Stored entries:
::::::

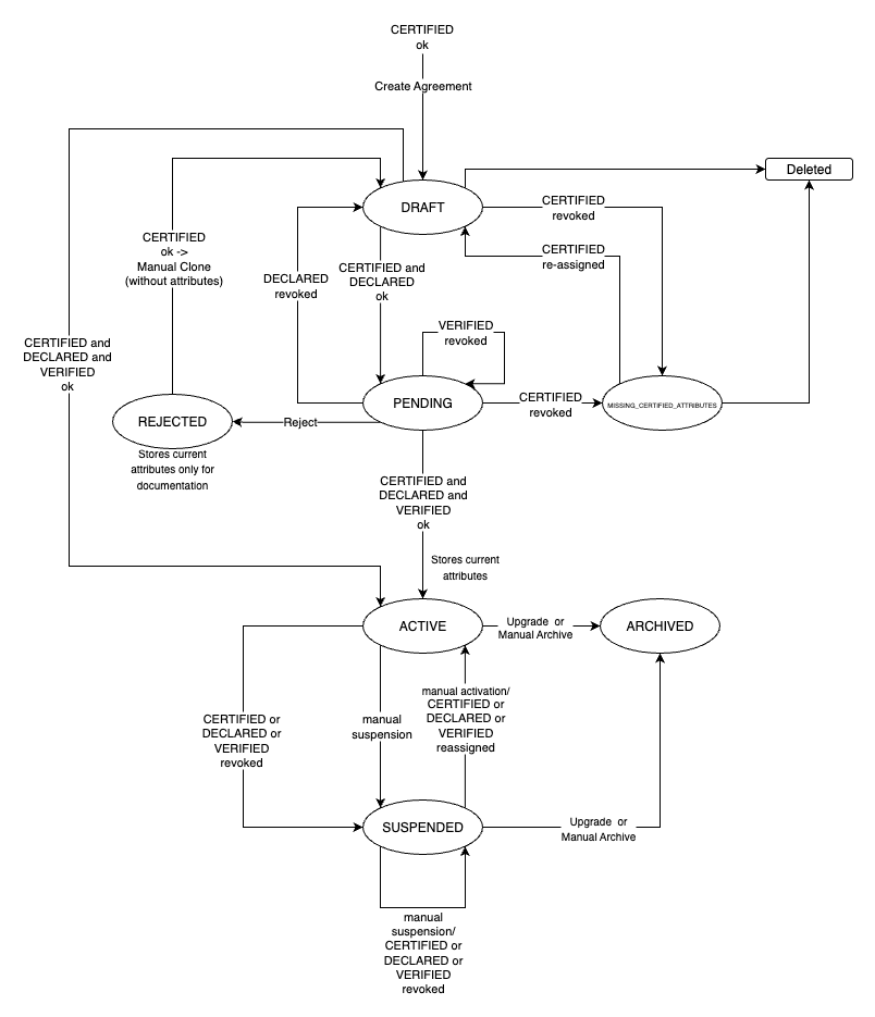 | DRAFT | Stato iniziale alla creazione dell’Agreement; richiede attributi CERTIFIED soddisfatti (se previsti). | → ACTIVE (tutti i requisiti soddisfatti); → PENDING (richiede validazioni dell’erogatore); → MISSING_CERTIFIED_ATTRIBUTES (perdita di un CERTIFIED); → cancellazione. |
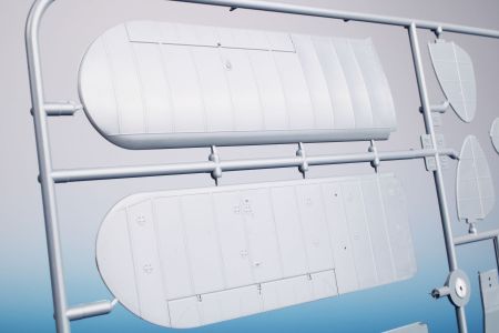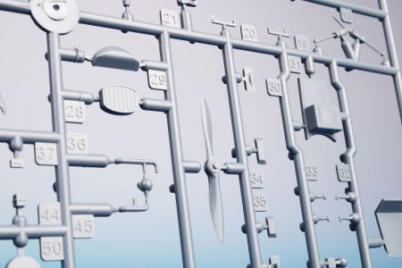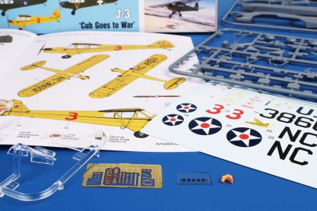 The model kit comes on two grey styrene sprues and one with the clear parts. The decal sheet offers markings for three airframes. The yellow one portrays a pre-war machine and is accompanied by two military machines. The first of these was an ex-civilian airplane wearing olive drab coat over the still partially visible yellow overall. The other military-flown machine is in the standard olive drab and neutral grey colours.
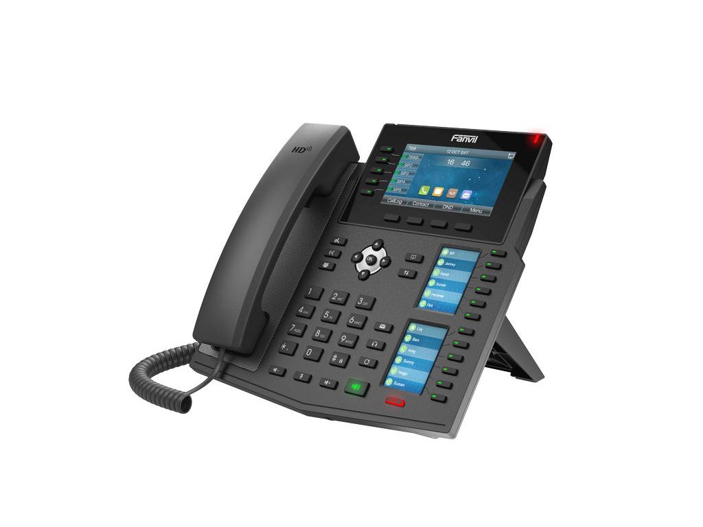 Špičkový IP telefon Fanvil X6U se třemi barevnými displeji, s 6 linkovými tlačítky s LED indikátorem a vestavěným Bluetooth poskytuje přímý přístup k instrukcím s cílem nabídnout větší flexibilitu a produktivitu, aby splnil vysoké požadavky firem. Reproduktor Harman a širokopásmový kodek G.722 a Opus v tomto zařízení vám poskytují pohlcující HD audio zážitek při různé kvalitě sítě.Díky intuitivnějšímu designu s 4,3“ barevným LCD 480x272 s 5 linkovými tlačítky s LED indikací, dvěma 2,4“ bočními barevnými LCD s 12 dvoubarevnými fyzických tlačítky, umožňuje Fanvil X6U uživatelsky přívětivější přizpůsobení funkcí.
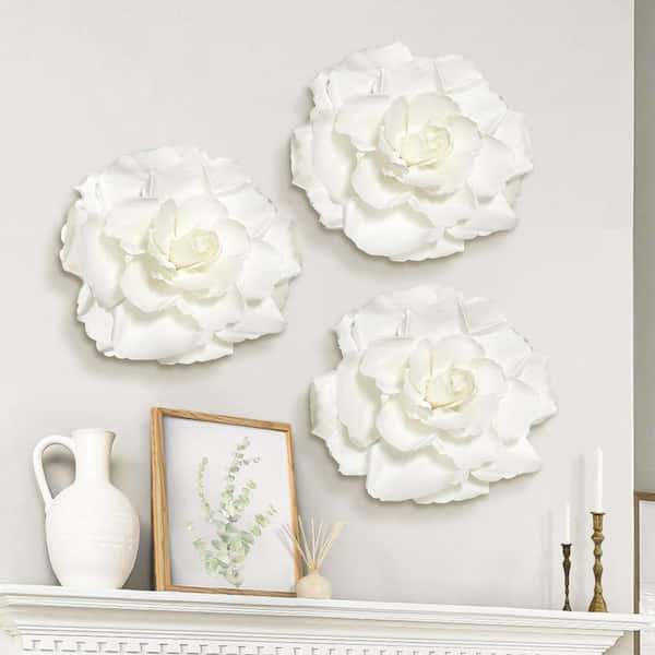 20 in. Large White Artificial Paper Rose Flower Wall Decor Backdrop (Set of 3)
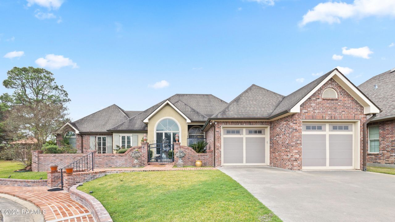 Gorgeous custom-built home located in the gated Shadows Bend community. This spacious 3-bedroom, 3-bath home includes two offices and an open-concept living, dining, and kitchen area with an island--perfect for entertaining. The dining space features two stunning chandeliers and a built-in buffet/china hutch. Architectural highlights include barrel-vault ceilings, arched openings, and a beveled leaded-glass front door. Two enclosed areas overlook a propane-powered fireplace, Interior finishes include brick pavers in the kitchen and butlers pantry, and real wood flooring throughout the main living areas. All appliances remain. Guest bathroom features designer wallpaper and an artist-designed Kohler sink. Home includes three separate attic spaces. There is abundant storage space in this home. There are two A/C units (one under a 10-year warranty), 35 kW whole-home generator with transfer switch, multiple water heaters (attic, bathroom, garage). . Exterior features include an outdoor kitchen with propane, two outdoor storage closets, operational shutters, plywood window coverings, bronze pots, landscape pots, and a gorgeous water-feature statue. Garage offers abundant storage as well. Meticulously maintained custom home. The lot next door is available to buy with the home or separately. The gazebo in the back of the property is located on the lot next door. *The vacant lot next door is available to buy with the home or separately. See MLS#2500005741 for lot information.
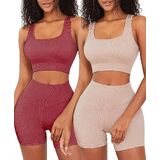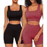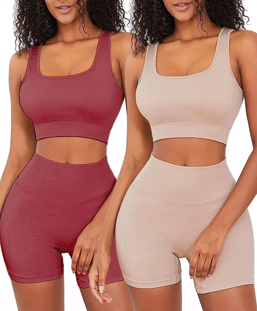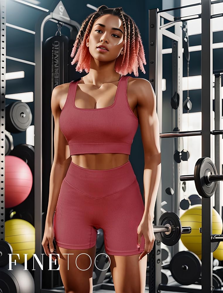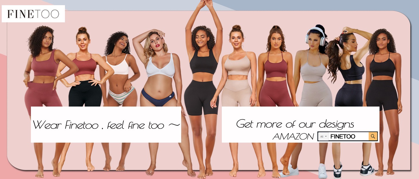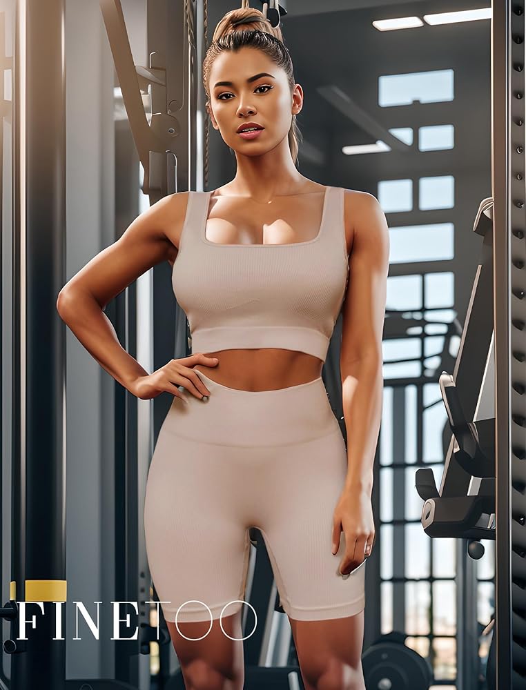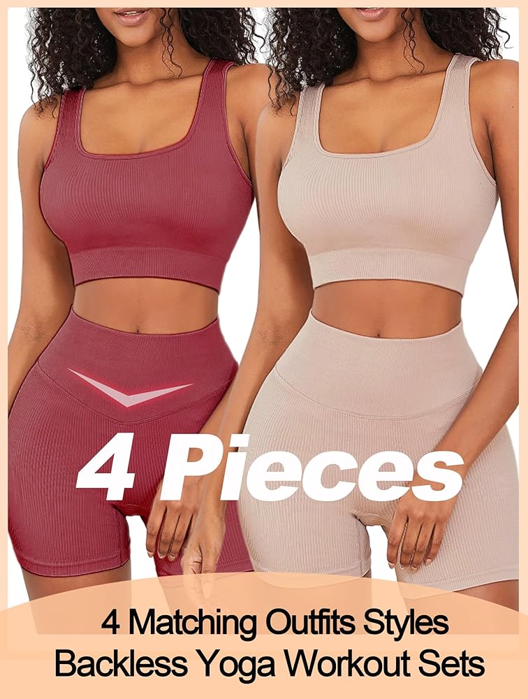 أطقم ملابس للتمرين من FINETOO للنساء مكونة من 4 قطع حمالة صدر رياضية بدون ظهر بدون خياطة عالية الخصر وقصيرة لممارسة اليوجا والصالة الرياضية ومجموعة نشطة متطابقة
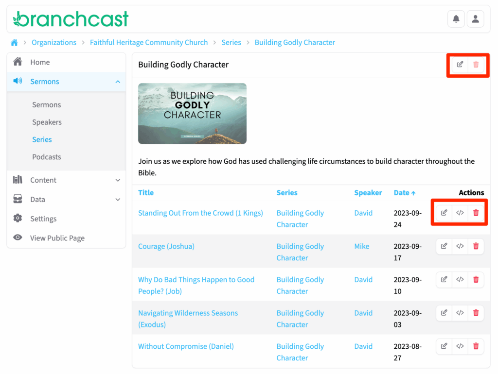 - View all existing sermon series.
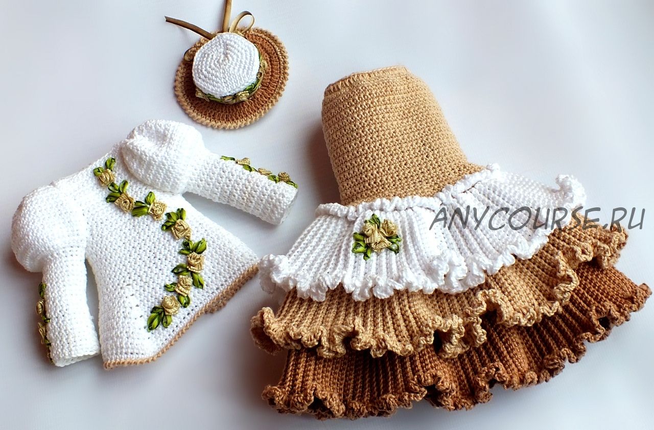Комплект одежды (юбка, блуза, шляпка). Связано крючком. УУкрашено вышивкой лентами
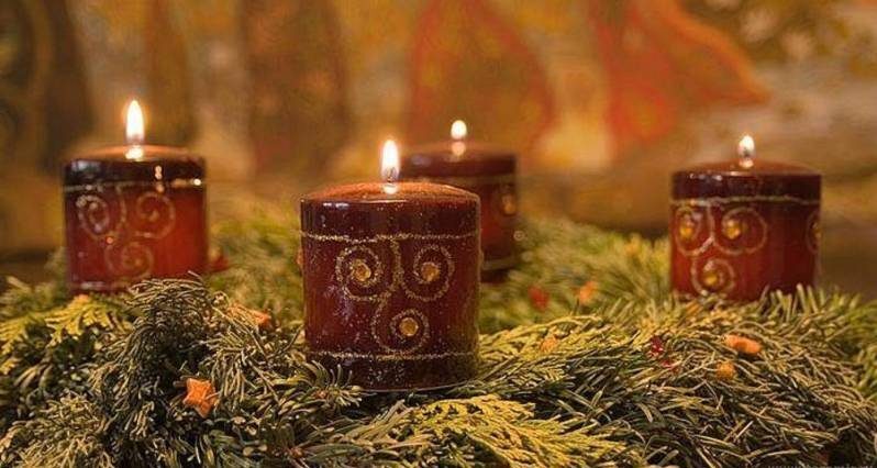 Из еловых веток делаем подобие круга. Он символизирует материальное богатство. В центре помещаем три красных яблока с воткнутой в каждое из них гвоздикой. Эта композиция приносит здоровье и заряжает жизненной энергией. Между яблоками поставьте свечу. Отлично подойдет аромасвеча в стеклянной чашечке. Ее огонь — это пламя вашей жизни и желания. По кругу, прямо на яблоки и ветки, насыпьте муку, которая с давних времен символизирует удачу и благосклонность высших сил.
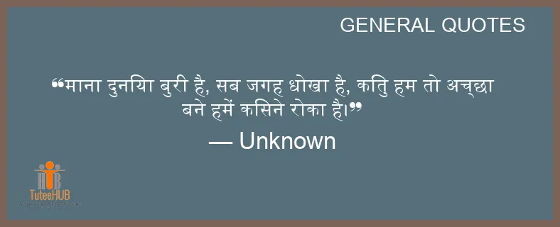 माना दुनिया बुरी है, सब जगह धोखा है, किंतु हम तो अच्छा बने हमें किसने रोका है।
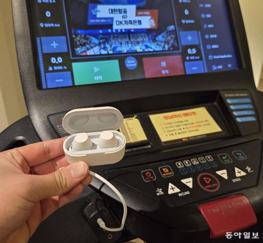 헬스장 러닝머신(트레드밀)의 외부입력(AUX) 단자에 LG 엑스붐 버즈플러스의 전용 플러그를 꽂아 충전 케이스와 연결하자, 귀에 착용한 무선 이어폰으로 트레드밀 TV 화면의 소리가 그대로 흘러나왔다.
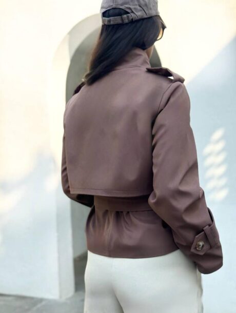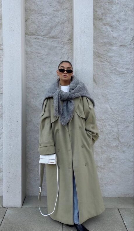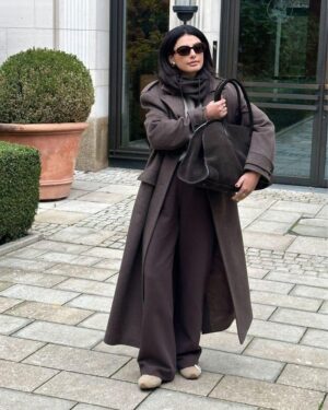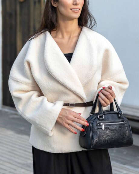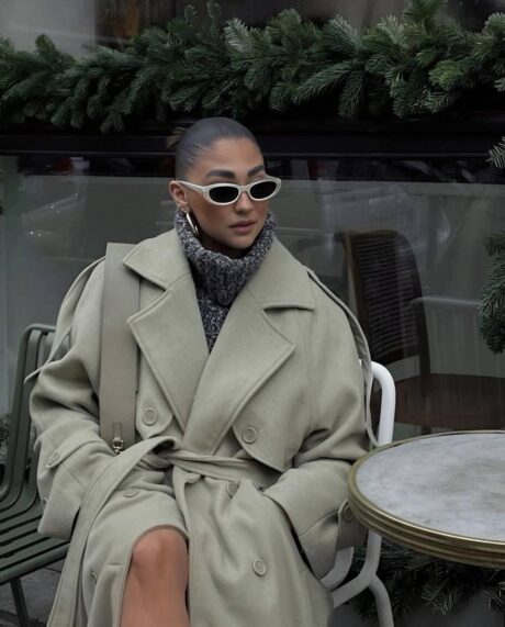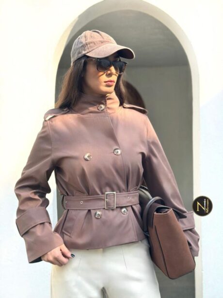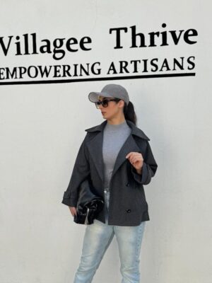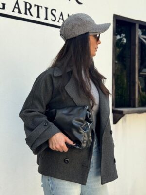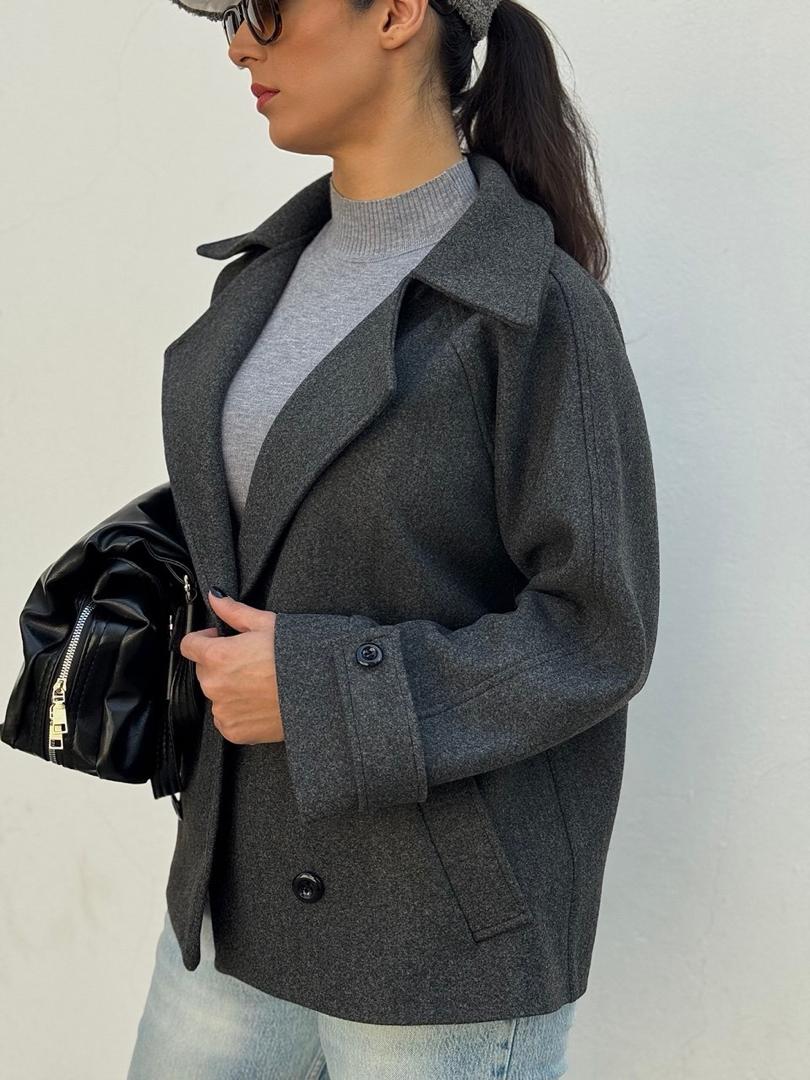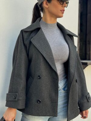 پالتو با فرم آزاد طراحی شده و اندازه های آن اندکی از جدول سایز بندی بزرگ تر است.مدل با سایز 38 ، سایز 1 این پالتو را به تن دارد.
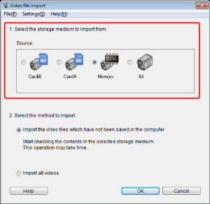 - 匯入尚未儲存於電腦的視頻檔案:匯入尚未匯入電腦的檔案。

::::::

TASK TO COMPLETE =>
Transcribe the lines that run from the line bearing "پالتو با فرم" through the last line of the data. Keep the wording exact and leave out every picture.

REPLY TO THE TASK =>
 پالتو با فرم آزاد طراحی شده و اندازه های آن اندکی از جدول سایز بندی بزرگ تر است.مدل با سایز 38 ، سایز 1 این پالتو را به تن دارد.
 - 匯入尚未儲存於電腦的視頻檔案:匯入尚未匯入電腦的檔案。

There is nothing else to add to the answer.